A tool for annotating corpora

My dissertation focused on the evolution of negation in French, and I’ve continued to study this change. In order to track the way that negation was used, I needed to collect a corpus of texts and annotate them. I developed a MySQL database to store the annotations (and later the texts themselves) and a suite of PHP scripts to annotate the texts and store them in the database. I then developed another suite of PHP scripts to query the database and tabulate the data in a form that could be imported into Microsoft Excel or a more specialized statistics package like SPSS.

I am continuing to develop these scripts. Since I finished my dissertation, I added the ability to load the entire text into the database, and revamped the front end with AJAX to streamline the workflow. The new front end actually works pretty well on a tablet and even a smartphone when there’s a stable internet connection, but I’d like to add the ability to annotate offline, on a workstation or a mobile device. I also need to redo the scripts that query the database and generate reports. Here’s what the annotation screen currently looks like:


I’ve put many hours of work into this annotation system, and it works so well for me, that it’s a shame I’m the only one who uses it. It would take some work to adapt it for other projects, but I’m interested in doing that. If you think this system might work for your project, please let me know (grvsmth@panix.com) and I’ll give you a closer look.

Just so stories in French negation

Just So stories were named by Rudyard Kipling in his book of the same name, which contained stories like “How the Rhinoceros Got his Skin.” In that one, the rhino’s skin starts out tight, but after he takes it off to swim, a man put crumbs in it to take revenge for the rhino eating his cake. When the rhino put his skin back on, it itched so much he loosened it up with all his scratching. Presumably something similar happened with basset hounds.

Illustration: Joseph M. Gleeson

These stories can be fun, especially for kids who ask “why?” and won’t take “I don’t know” for an answer. They’re entertaining, but they’re not science and they’re not history. Even if they’re broadly consistent with a scientific theory, if they’re not based on actual data, they’re just fiction.

This is different from the normal simplification that happens in scientific explanations. We know that the Earth is not a perfectly round sphere, that it bulges out a little at the equator. Sometimes it’s enough to think of the world as round, and nobody needs to worry about oblate spheroids.

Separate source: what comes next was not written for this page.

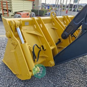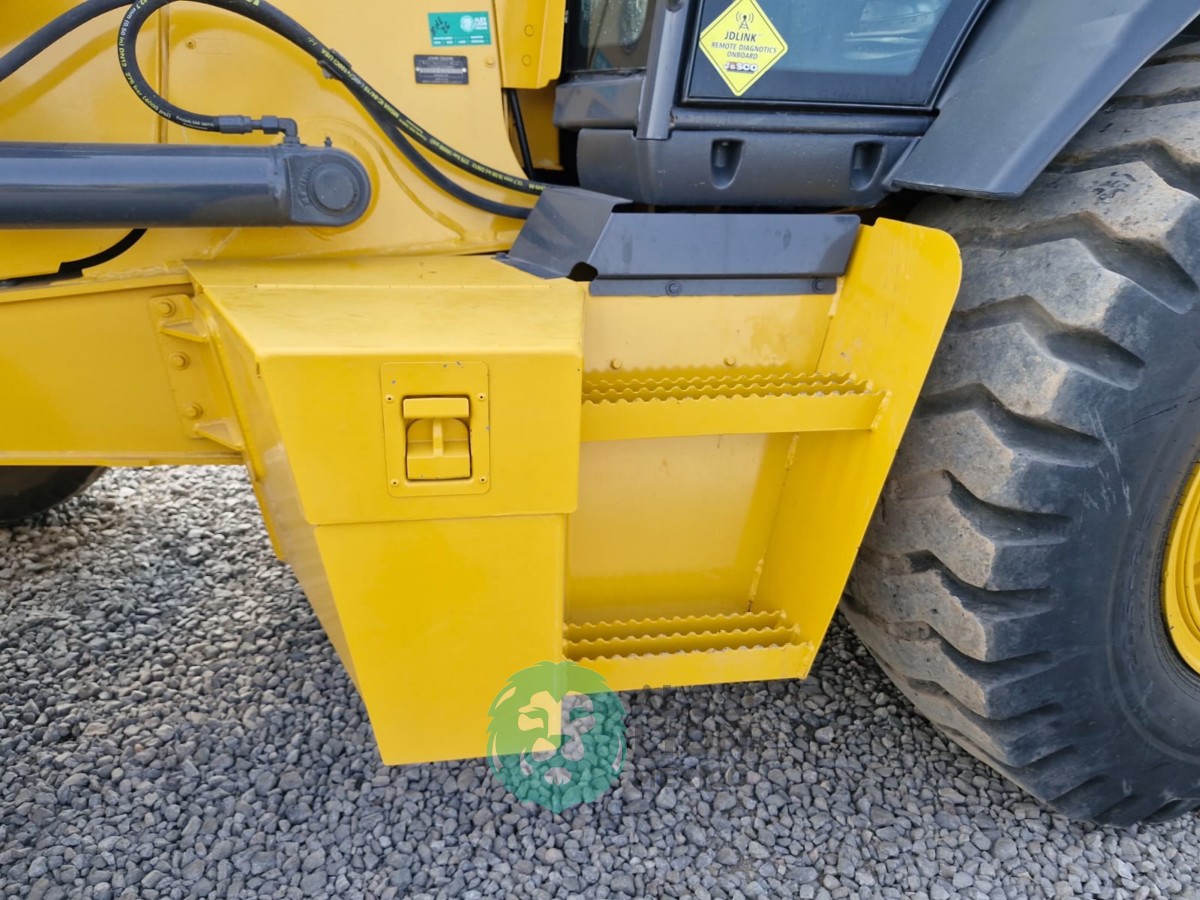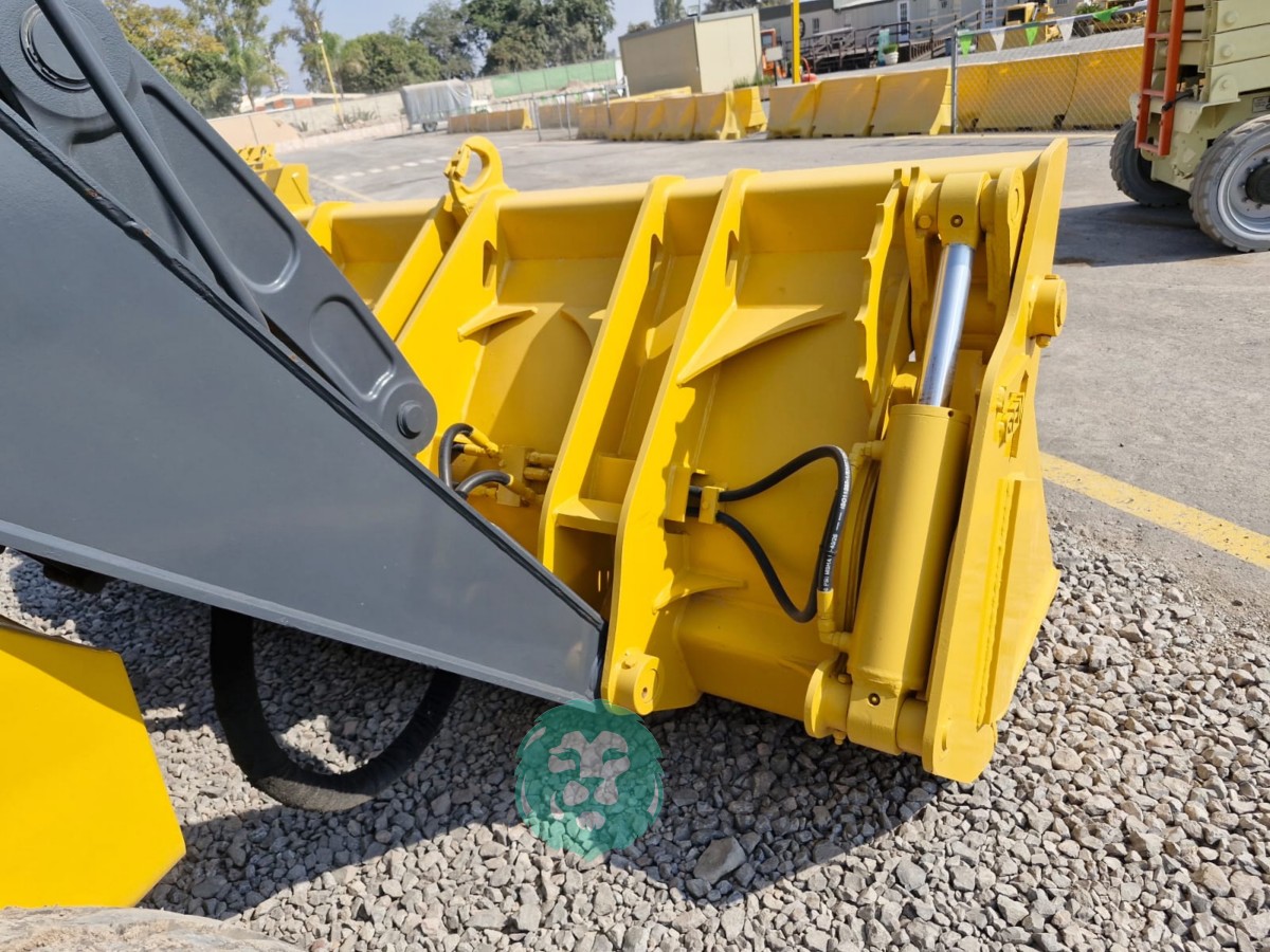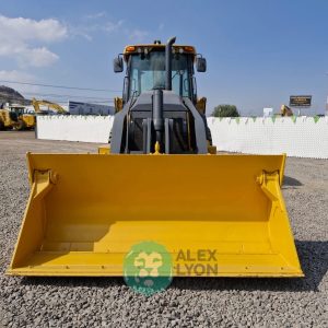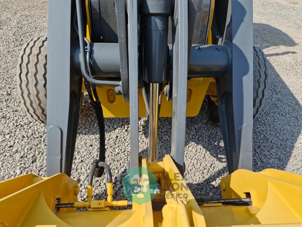 CUCHARON 4 EN 1 (TIPO ALMEJA), CABINA C/CLIMA, ENCENDIDO ELECTRONICO, ESTEREO AM/FM, CUCHARON TRASERO 16″, MOTOR JOHN DEERE 4 CIL. DIESEL C/TURBO (150 HP), LLTS. 20.5-25 Y 14.5/75-16.1. (5945 HRS)

The main difference is that scientific simplification removes distracting detail from the raw data to allow the bigger picture to be seen more clearly, but Just So stories add detail that doesn’t exist in the data, and may actually create a picture that doesn’t exist. This is why, as science, they are so dangerous.

Linguistics is certainly no stranger to Just So stories. The most famous may be the old chestnut that the Eskimos have a hundred (or a thousand, or…) words for snow. This has long been used to illustrate the effect of environment on language, even though Geoffrey Pullum famously showed it to be false in 1989.

Just So stories are also found in the history of French negation, the subject of my dissertation. There is a story that you will find in almost every article or book discussing the evolution of negation. Here’s the version from Detges and Waltereit (2002):

As a standard example of grammaticalization, consider the French negation ne … pas. A lexical item, the Latin full noun passus ‘step’, has turned into a grammatical item, the Modern French negation marker pas.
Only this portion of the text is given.